● **Problem to solve**
Exactly the lines from the one containing "- Artificial Rose" through the one containing "이번 축제에서는 대형" in the listing below are to be copied, with the pictures left out.

● **Supplied material**

○ ○ ○ ○ ○

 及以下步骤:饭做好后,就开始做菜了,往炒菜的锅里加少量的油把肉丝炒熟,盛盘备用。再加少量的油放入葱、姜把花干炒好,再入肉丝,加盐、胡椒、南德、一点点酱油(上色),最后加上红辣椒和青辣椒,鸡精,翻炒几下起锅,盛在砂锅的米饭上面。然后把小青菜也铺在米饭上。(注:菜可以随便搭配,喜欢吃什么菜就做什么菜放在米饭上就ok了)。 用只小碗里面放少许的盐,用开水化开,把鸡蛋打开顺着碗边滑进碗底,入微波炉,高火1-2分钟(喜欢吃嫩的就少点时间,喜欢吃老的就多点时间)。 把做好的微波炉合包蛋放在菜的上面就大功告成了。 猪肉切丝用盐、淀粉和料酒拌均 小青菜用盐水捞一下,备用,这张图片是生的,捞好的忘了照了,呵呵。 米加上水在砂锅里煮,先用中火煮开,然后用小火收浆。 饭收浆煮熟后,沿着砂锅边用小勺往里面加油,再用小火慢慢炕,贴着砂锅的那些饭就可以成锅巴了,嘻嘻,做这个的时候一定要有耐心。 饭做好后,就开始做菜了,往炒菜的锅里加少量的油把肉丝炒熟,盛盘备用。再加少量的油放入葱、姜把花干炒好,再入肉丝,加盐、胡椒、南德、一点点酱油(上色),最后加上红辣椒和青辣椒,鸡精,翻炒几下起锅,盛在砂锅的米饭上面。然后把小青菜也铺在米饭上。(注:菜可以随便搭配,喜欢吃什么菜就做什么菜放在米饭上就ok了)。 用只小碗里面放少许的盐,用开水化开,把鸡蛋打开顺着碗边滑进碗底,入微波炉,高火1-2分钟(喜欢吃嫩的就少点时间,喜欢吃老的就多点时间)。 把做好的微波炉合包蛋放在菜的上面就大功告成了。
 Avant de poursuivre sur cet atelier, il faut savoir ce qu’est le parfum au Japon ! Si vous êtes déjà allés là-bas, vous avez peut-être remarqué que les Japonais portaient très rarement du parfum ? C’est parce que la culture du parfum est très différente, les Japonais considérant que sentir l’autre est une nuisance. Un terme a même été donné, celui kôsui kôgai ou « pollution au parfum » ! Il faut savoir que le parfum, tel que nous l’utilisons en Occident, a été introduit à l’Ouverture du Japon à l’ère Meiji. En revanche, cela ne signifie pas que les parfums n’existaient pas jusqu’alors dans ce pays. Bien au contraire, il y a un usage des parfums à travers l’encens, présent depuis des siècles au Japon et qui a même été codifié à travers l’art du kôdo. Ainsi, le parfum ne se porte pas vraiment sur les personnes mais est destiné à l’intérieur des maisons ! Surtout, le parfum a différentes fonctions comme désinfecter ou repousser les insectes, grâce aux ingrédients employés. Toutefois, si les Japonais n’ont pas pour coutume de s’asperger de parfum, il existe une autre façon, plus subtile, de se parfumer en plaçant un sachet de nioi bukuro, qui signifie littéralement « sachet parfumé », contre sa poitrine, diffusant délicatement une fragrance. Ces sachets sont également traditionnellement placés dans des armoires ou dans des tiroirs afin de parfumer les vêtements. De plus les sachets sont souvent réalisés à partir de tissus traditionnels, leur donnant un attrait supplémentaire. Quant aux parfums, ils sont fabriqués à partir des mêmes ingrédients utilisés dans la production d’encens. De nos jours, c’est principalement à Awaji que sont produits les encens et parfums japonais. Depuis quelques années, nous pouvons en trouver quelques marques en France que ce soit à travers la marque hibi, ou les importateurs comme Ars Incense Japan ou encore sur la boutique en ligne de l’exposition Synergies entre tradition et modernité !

○ ○ ○ ○ ○

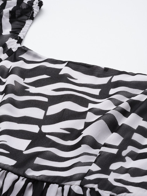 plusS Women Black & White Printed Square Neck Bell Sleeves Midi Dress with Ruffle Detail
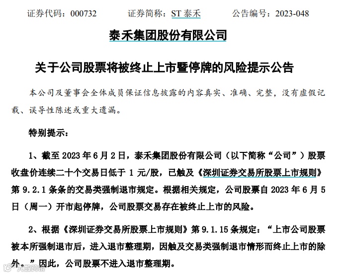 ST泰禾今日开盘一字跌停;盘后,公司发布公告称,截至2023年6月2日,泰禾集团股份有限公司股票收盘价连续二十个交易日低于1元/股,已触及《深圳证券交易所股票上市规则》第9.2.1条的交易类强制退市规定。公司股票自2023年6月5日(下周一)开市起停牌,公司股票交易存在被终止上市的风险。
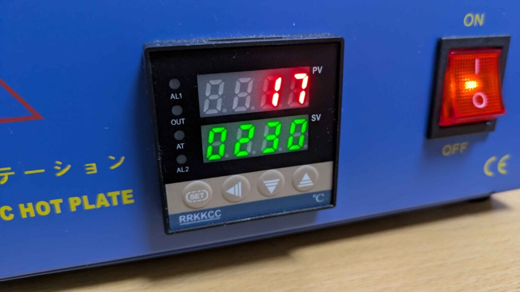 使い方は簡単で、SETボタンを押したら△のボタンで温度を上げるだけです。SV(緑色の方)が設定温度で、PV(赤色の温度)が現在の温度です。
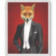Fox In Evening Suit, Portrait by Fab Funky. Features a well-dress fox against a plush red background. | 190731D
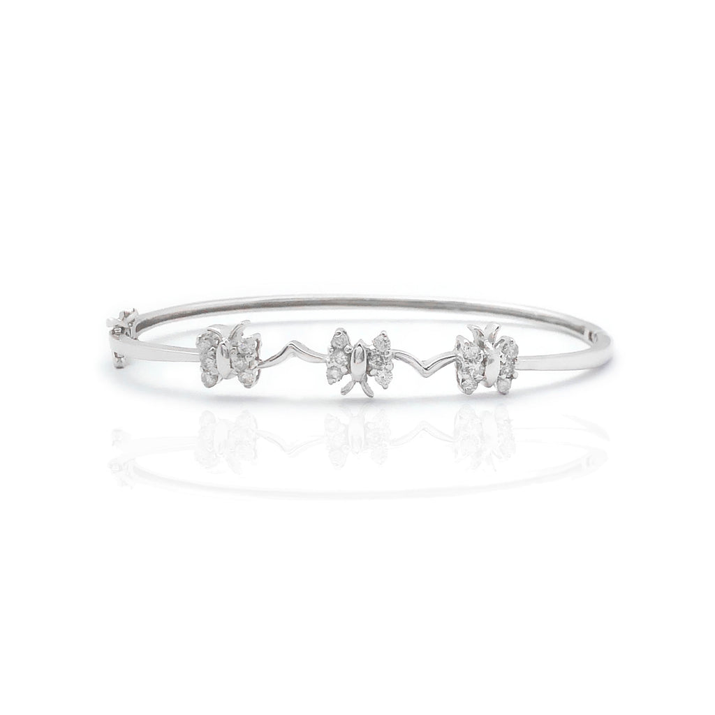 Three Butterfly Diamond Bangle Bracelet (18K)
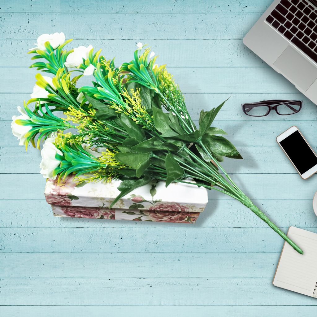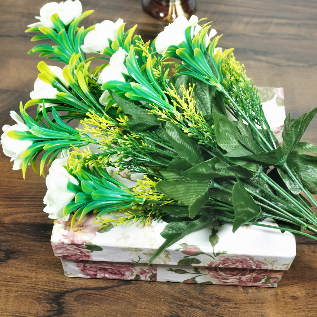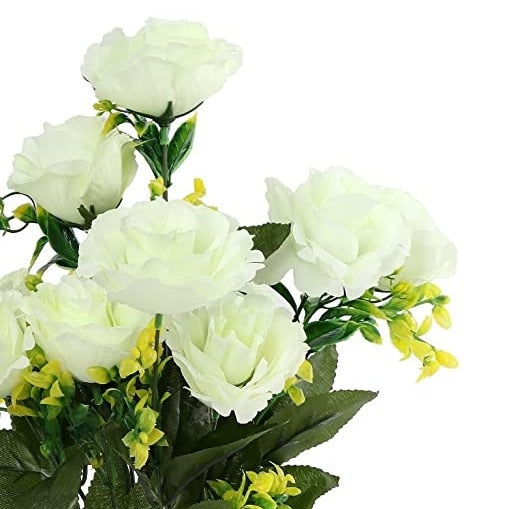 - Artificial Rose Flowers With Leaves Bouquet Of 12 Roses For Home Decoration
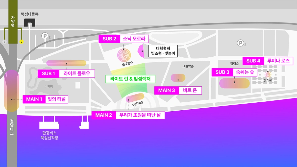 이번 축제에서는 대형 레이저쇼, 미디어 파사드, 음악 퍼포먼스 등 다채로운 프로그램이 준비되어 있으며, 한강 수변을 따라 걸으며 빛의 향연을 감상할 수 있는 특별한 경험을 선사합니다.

○ ○ ○ ○ ○

● **Answer space**
 - Artificial Rose Flowers With Leaves Bouquet Of 12 Roses For Home Decoration
 이번 축제에서는 대형 레이저쇼, 미디어 파사드, 음악 퍼포먼스 등 다채로운 프로그램이 준비되어 있으며, 한강 수변을 따라 걸으며 빛의 향연을 감상할 수 있는 특별한 경험을 선사합니다.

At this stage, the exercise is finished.